SirsiDynix booth at ALA 2015 Annual Conference and Exhibition

Marshall Breeding writes: “The exhibit hall at the 2015 ALA Annual Conference offered an almost complete representation of the technology products and services available to libraries in North America. For technology providers, the conference is an opportunity to showcase products to more than 20,000 attendees. Those considering resource management systems, discovery services, ebook lending services, or digitizing equipment can get a firsthand glimpse of the available options.” Read AL’s wrap-up of Annual Conference events, “Pride and Diversity at Annual 2015.”...

American Libraries features, July 22–23

Hinchliffe, Laughlin seek 2017–2018 ALA presidency

Lisa Janicke Hinchliffe (left) and Sara Gaar Laughlin

Lisa Janicke Hinchliffe (left), professor and coordinator for information literacy services and instruction at the University of Illinois at Urbana-Champaign, and Sara Gaar Laughlin, retired director of the Monroe County (Ind.) Public Library in Bloomington, are the candidates for the 2017–2018 ALA presidency. Hinchliffe has been an ALA member since 1993 and served as the 2010–2011 president of ACRL. An ALA member since 1980, Laughlin served as the 2013–2014 president of ASCLA and was a member of ALA Council in 1991–1995. A slate of 60 candidates for ALA Council has been drawn up....
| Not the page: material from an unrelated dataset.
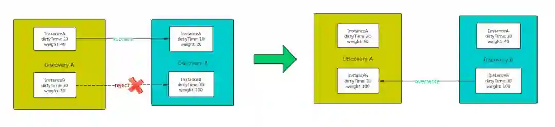 因为每一个服务实例都是全局唯一,因此可以通过服务的 ID 来全局定位这个实例,只需要保持一直递增的 Dirtytime,Discovery 每收到请求后都会在服务内广播一遍,广播时也可以检查数据的一致性,那这个服务方向就一定会保持一致。比如像上图所示,A向B传播的时候,表示B中的实例有部分存在或者是实例较小,此时A的信息同步过去然后把B给覆盖调。
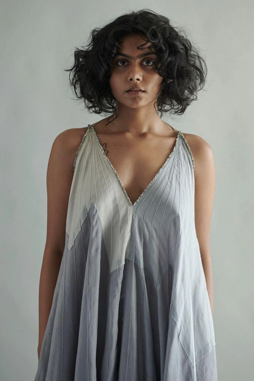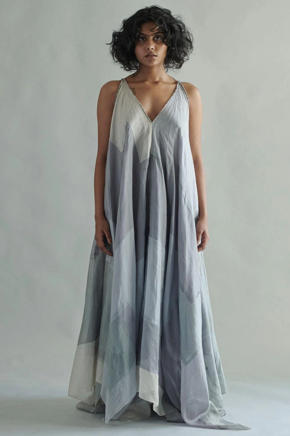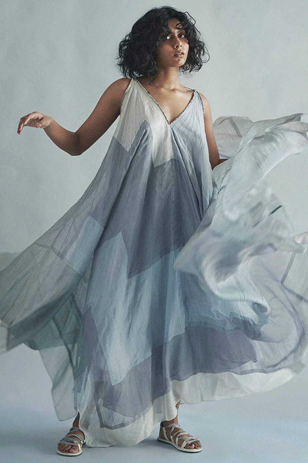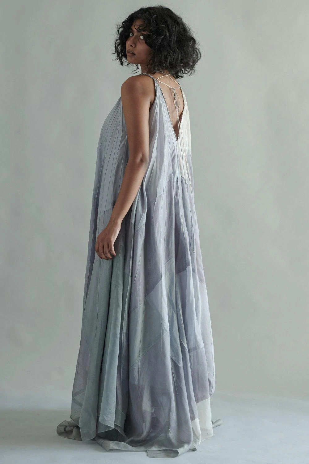 This asymmetrical colour-blocked maxi dress exudes a dreamy summer vibe. The delicate pastel colours & flowy silhouette make it perfect for warm days. It is made in handwoven silk chanderi, lined with cotton voile in a zero waste pattern.

Office of ALA Governance, July 22–23

School librarian shields friend from Lafayette shooter

Jena Meaux, Jeanerette High School librarian

A Louisiana school librarian was able to jump in front of her best friend, a teacher, and shield her from a hail of bullets as an unhinged gunman opened fire on a packed movie theater in Lafayette, Louisiana, on July 23. Both Jena Meaux (right), a teacher-librarian at Jeanerette (La.) High School for 21 years, and Ali Martin, an English teacher at the school, were shot in the leg, but Martin was able to drag her way to a fire alarm and pull it. Meaux’s son said his mother was recovering from her wound....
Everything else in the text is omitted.